#### Assignment:
Exclude all pictures, then copy each of the records exactly as written.

□ □ □ □ □ □ □

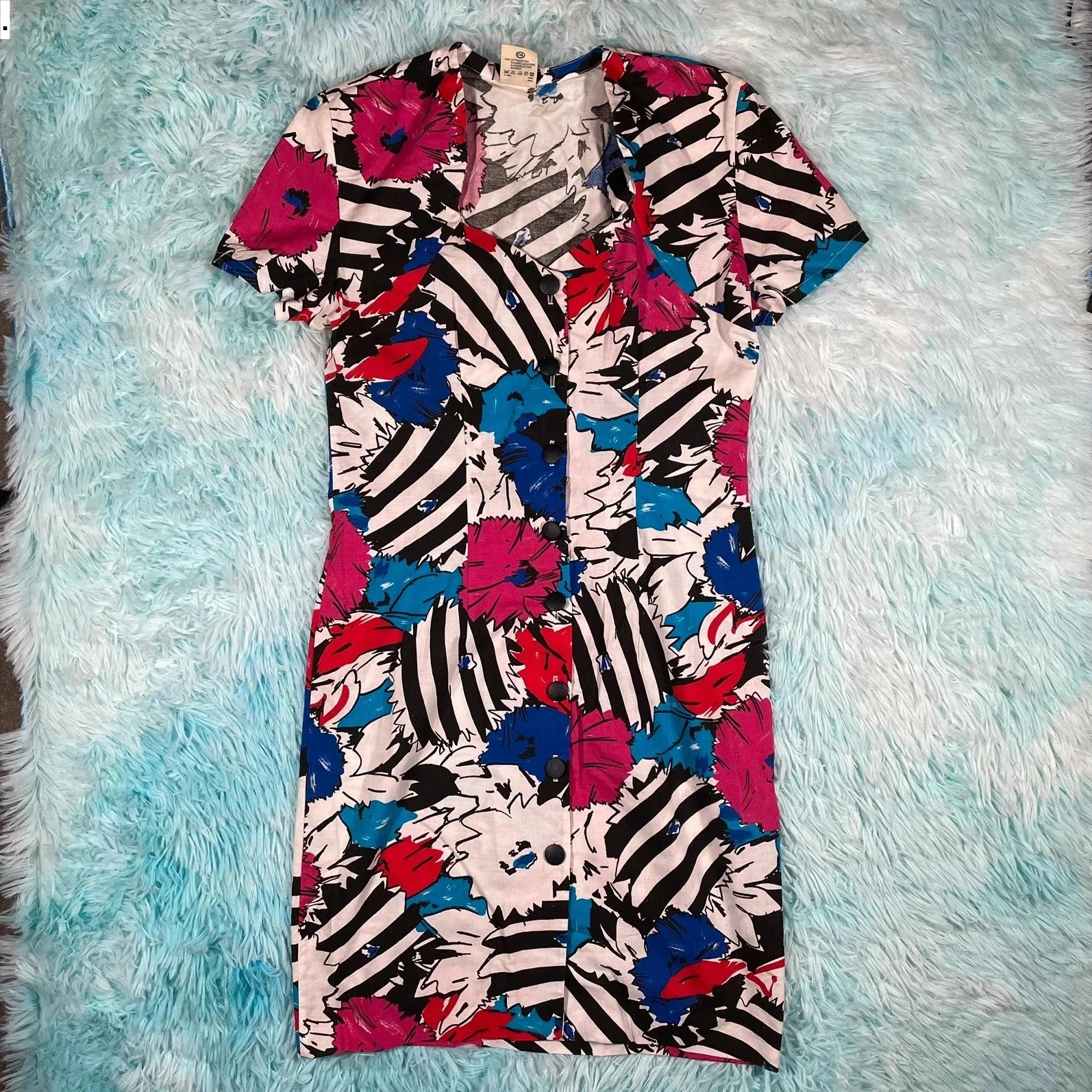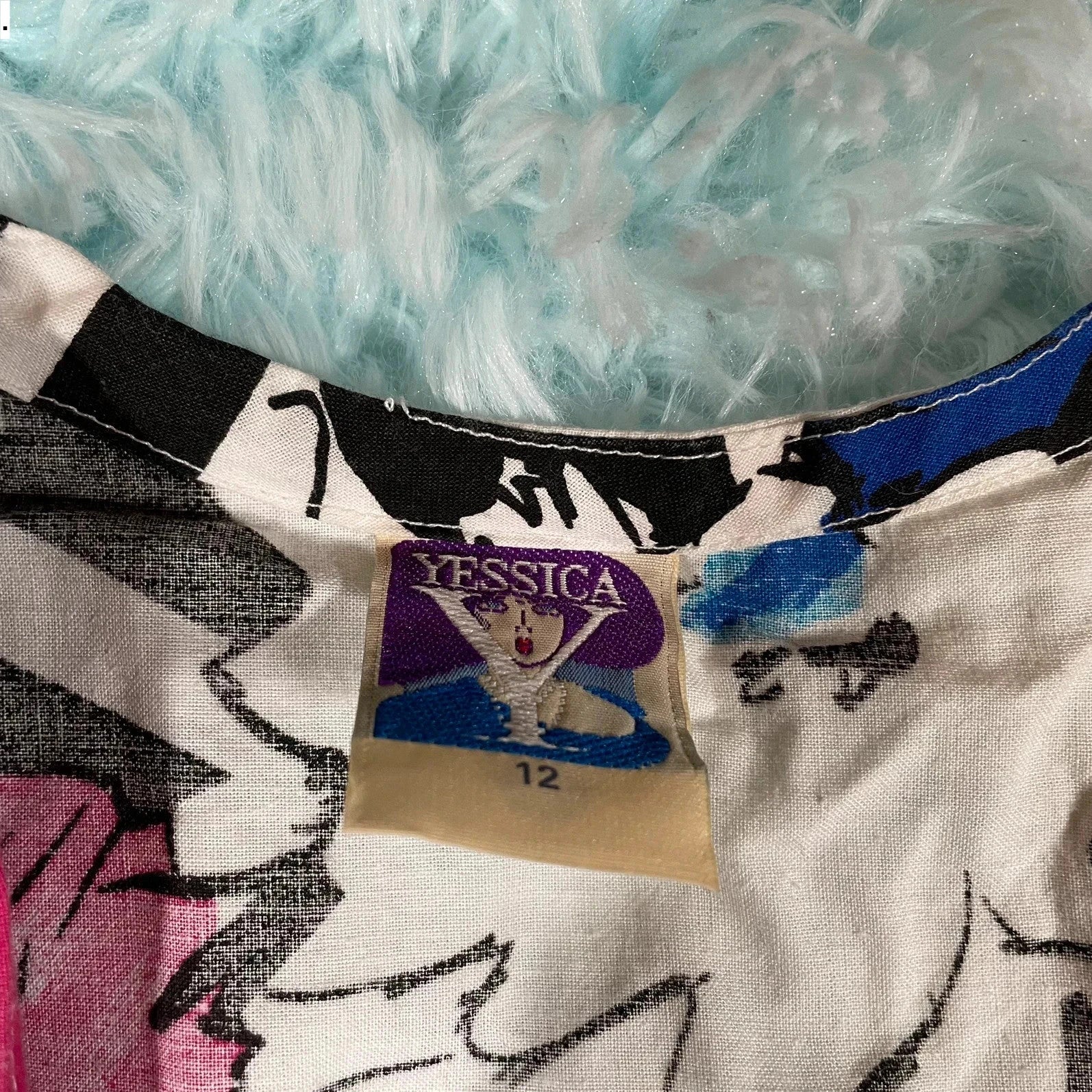 Vintage 80s Pink Patterned Dress Yessica - Size 12
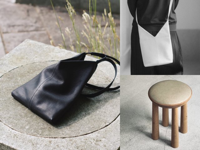 同ポップアップでは、「Place × Handwork」を掲げ、地域に根ざしたクラフトマンシップによって生まれたプロダクトを完成品としてではなく使い手の暮らしの中で育つものとして提案。会場では青森県産のレザーを使用したバッグ(5万5000円)や、五角形のウォレット(3万6300円)のほか、コラボアイテムとして、国産の漆で仕上げたレザーを用いたスツール(7万400円〜)とサイドテーブル(15万8400円〜)をラインナップしている。
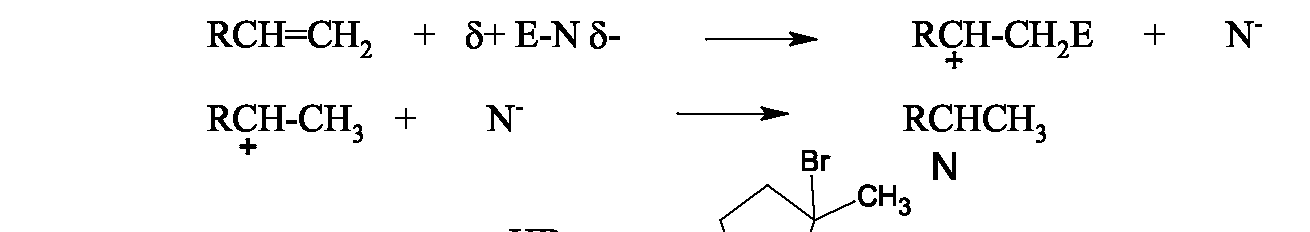 ALKENE ADDITION REACTIONS The general classification of reactions involving alkenes is addition to the carbon-carbon double bond, forming two new single bonds. The term stereoselective describes a reaction which gives a preferred stereoisomeric product in preference to others that are possible from the reaction, and many of the alkene addition reactions are classified as stereoselective. Another term, refers to production of one constitutional isomer during a reaction in preference to others, and many alkene reaction also show regioselectivity. These details of alkene reactions help in establishing reasonable mechanisms for the addition reactions. Three different modes of addition are found which include syn addition - both new bonds form from the same side(face)of the double bond, anti addition - the two new bonds form from opposite faces of the double bond, and addition which is non-stereoselective, showing syn and anti addition products. Inmost cases of syn addition, both new bonds formed simultaneously, without an intermediate species. In cases of anti addition, a bridged, three-membered ring type of intermediate forms by an electrophile binding both carbons of the double bond, which then is opened by a nucleophile from the opposite side. In cases which show both syn and anti addition, a carbocation or free radical intermediate is produced, and free rotation allows the second new single bond to form on either side.
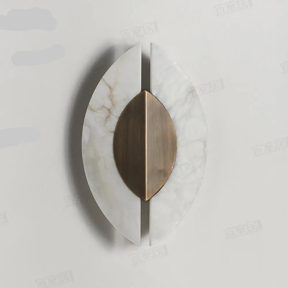 The alabaster and brushed-brass wall sconce features two carved stone wings flanking a sculptural brass center plate, creating a soft halo of diffused light. The natural veining of the alabaster combined with the warm brass detailing brings a refined presence to living rooms, bedrooms, hallways, and luxury powder rooms.
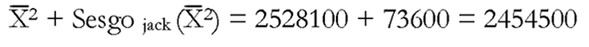 En el caso de la media el estimador jacknife del sesgo es nulo, pero ello no es así para el caso de otros estimadores. Por ejemplo, si quisiéramos estimar el cuadrado de la media, el sesgo estimado hubiera sido el siguiente:
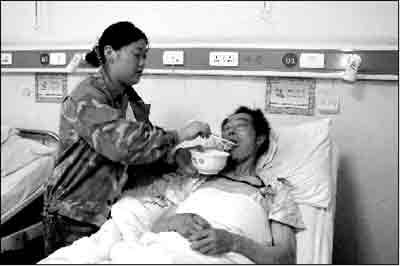 昨天是陳仁平在綿陽第三醫(yī)院的最后一晚,胃口極好的他晚餐吃了3個(gè)餃子。在北川陳家壩的山中被埋后,56歲的陳仁平靠著兩個(gè)雞蛋硬撐了169個(gè)小時(shí),經(jīng)過診斷,他的盆骨骨折。
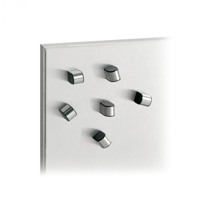 Set magnetů TEWO je vyrobený z matné nerezové oceli a černého plastu. Zajímavý a moderní design obohatí jakýkoliv magnetický povrch.
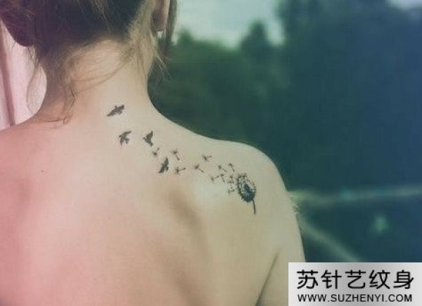 肩部蒲公英唯美纹身_肩部纹身图案大全_纹身图吧
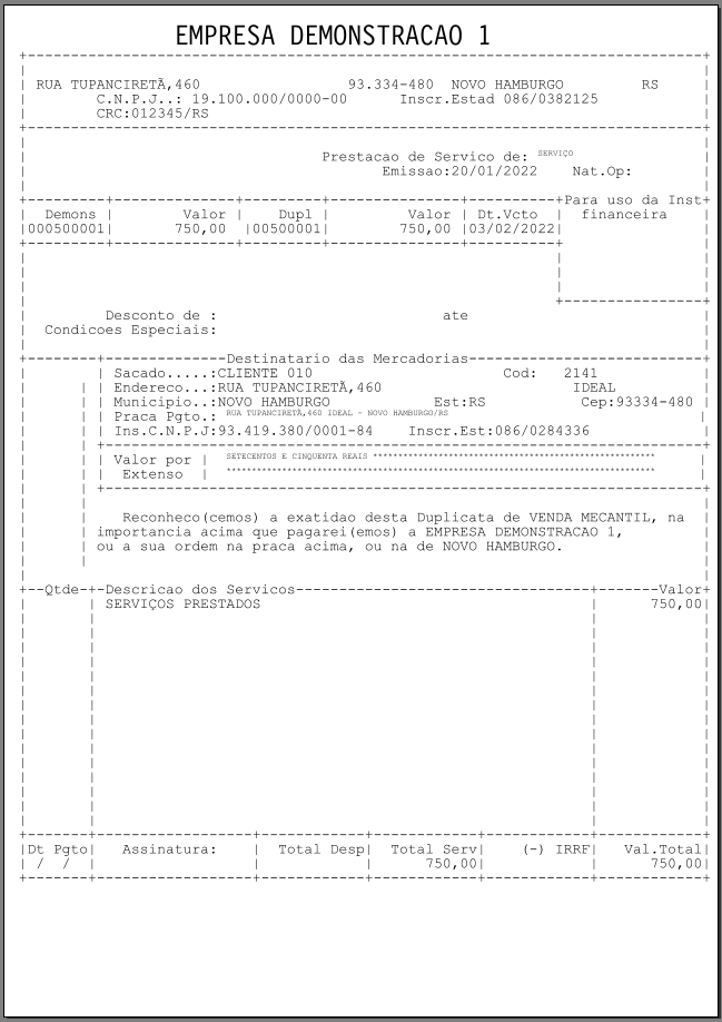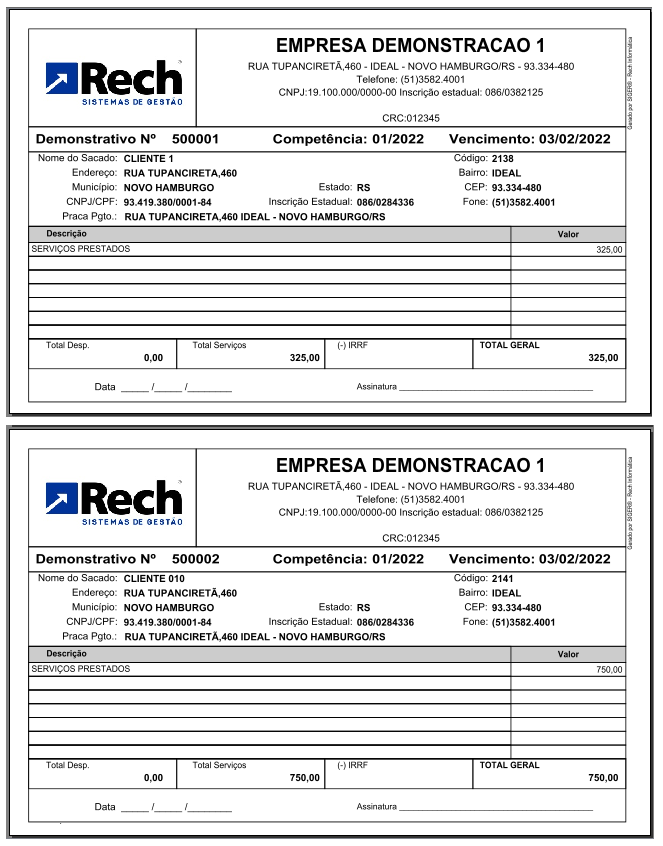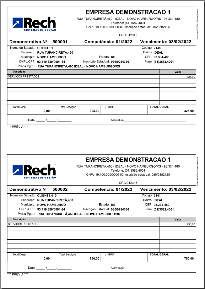 S-Meia Página (Saltando Página): Imprime formulário em meia página e salta a página quando emitir vários demonstrativos, conforme o exemplo do formulário a seguir.
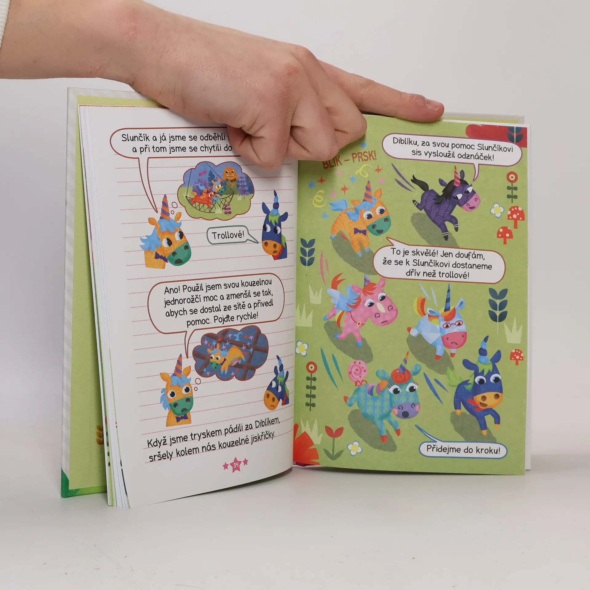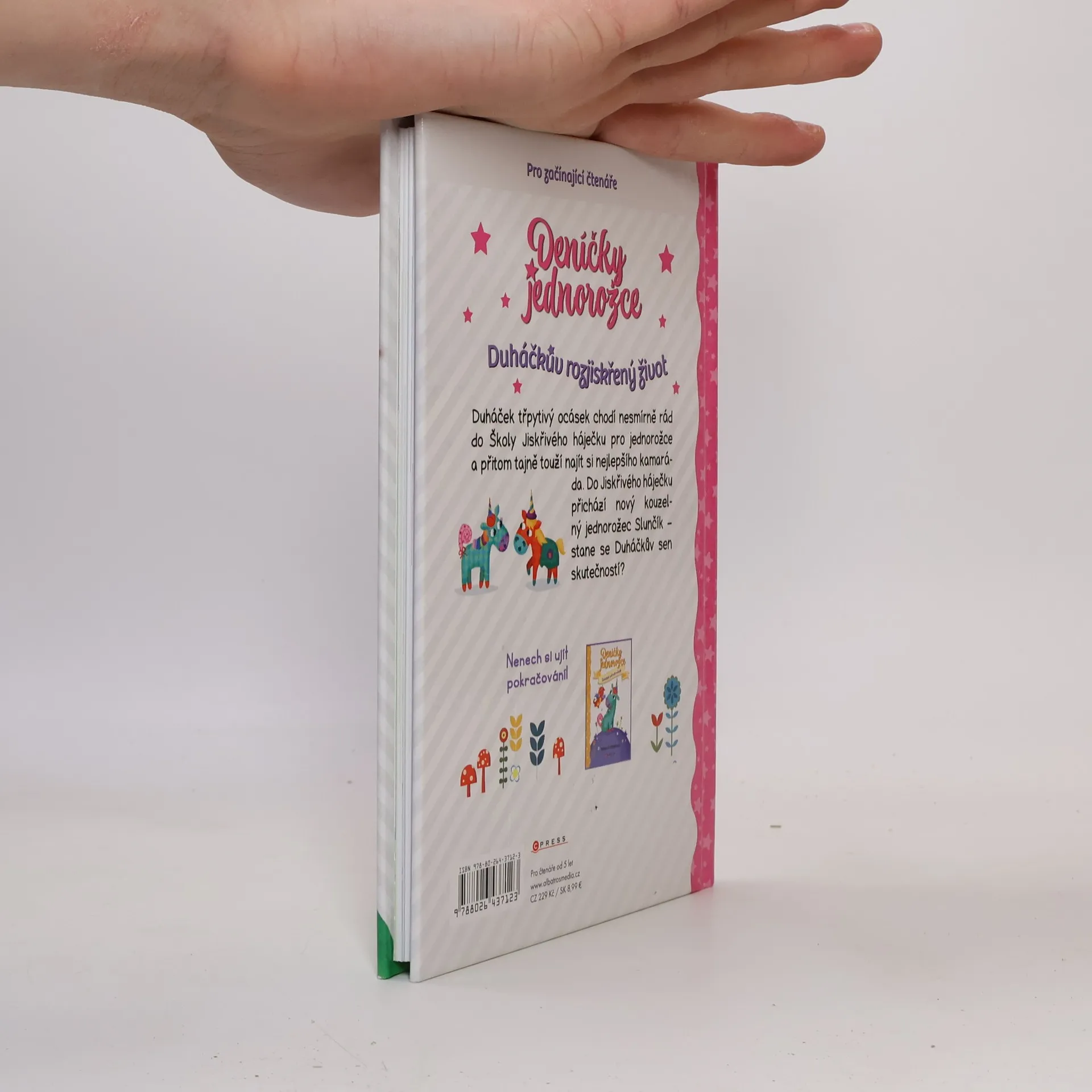 Duháček třpytivý ocásek chodí nesmírně rád do Školy Jiskřivého háječku pro jednorožce a přitom tajně touží najít si nejlepšího kamaráda. Do Jiskřivého háječku přichází nový kouzelný jednorožec Slunčík stane se Duháčkův sen skutečností?

□ □ □ □ □ □ □

#### Written reply:
 Vintage 80s Pink Patterned Dress Yessica - Size 12
 同ポップアップでは、「Place × Handwork」を掲げ、地域に根ざしたクラフトマンシップによって生まれたプロダクトを完成品としてではなく使い手の暮らしの中で育つものとして提案。会場では青森県産のレザーを使用したバッグ(5万5000円)や、五角形のウォレット(3万6300円)のほか、コラボアイテムとして、国産の漆で仕上げたレザーを用いたスツール(7万400円〜)とサイドテーブル(15万8400円〜)をラインナップしている。
 ALKENE ADDITION REACTIONS The general classification of reactions involving alkenes is addition to the carbon-carbon double bond, forming two new single bonds. The term stereoselective describes a reaction which gives a preferred stereoisomeric product in preference to others that are possible from the reaction, and many of the alkene addition reactions are classified as stereoselective. Another term, refers to production of one constitutional isomer during a reaction in preference to others, and many alkene reaction also show regioselectivity. These details of alkene reactions help in establishing reasonable mechanisms for the addition reactions. Three different modes of addition are found which include syn addition - both new bonds form from the same side(face)of the double bond, anti addition - the two new bonds form from opposite faces of the double bond, and addition which is non-stereoselective, showing syn and anti addition products. Inmost cases of syn addition, both new bonds formed simultaneously, without an intermediate species. In cases of anti addition, a bridged, three-membered ring type of intermediate forms by an electrophile binding both carbons of the double bond, which then is opened by a nucleophile from the opposite side. In cases which show both syn and anti addition, a carbocation or free radical intermediate is produced, and free rotation allows the second new single bond to form on either side.
 The alabaster and brushed-brass wall sconce features two carved stone wings flanking a sculptural brass center plate, creating a soft halo of diffused light. The natural veining of the alabaster combined with the warm brass detailing brings a refined presence to living rooms, bedrooms, hallways, and luxury powder rooms.
 En el caso de la media el estimador jacknife del sesgo es nulo, pero ello no es así para el caso de otros estimadores. Por ejemplo, si quisiéramos estimar el cuadrado de la media, el sesgo estimado hubiera sido el siguiente:
 昨天是陳仁平在綿陽第三醫(yī)院的最后一晚,胃口極好的他晚餐吃了3個(gè)餃子。在北川陳家壩的山中被埋后,56歲的陳仁平靠著兩個(gè)雞蛋硬撐了169個(gè)小時(shí),經(jīng)過診斷,他的盆骨骨折。
 Set magnetů TEWO je vyrobený z matné nerezové oceli a černého plastu. Zajímavý a moderní design obohatí jakýkoliv magnetický povrch.
 肩部蒲公英唯美纹身_肩部纹身图案大全_纹身图吧
 S-Meia Página (Saltando Página): Imprime formulário em meia página e salta a página quando emitir vários demonstrativos, conforme o exemplo do formulário a seguir.
 Duháček třpytivý ocásek chodí nesmírně rád do Školy Jiskřivého háječku pro jednorožce a přitom tajně touží najít si nejlepšího kamaráda. Do Jiskřivého háječku přichází nový kouzelný jednorožec Slunčík stane se Duháčkův sen skutečností?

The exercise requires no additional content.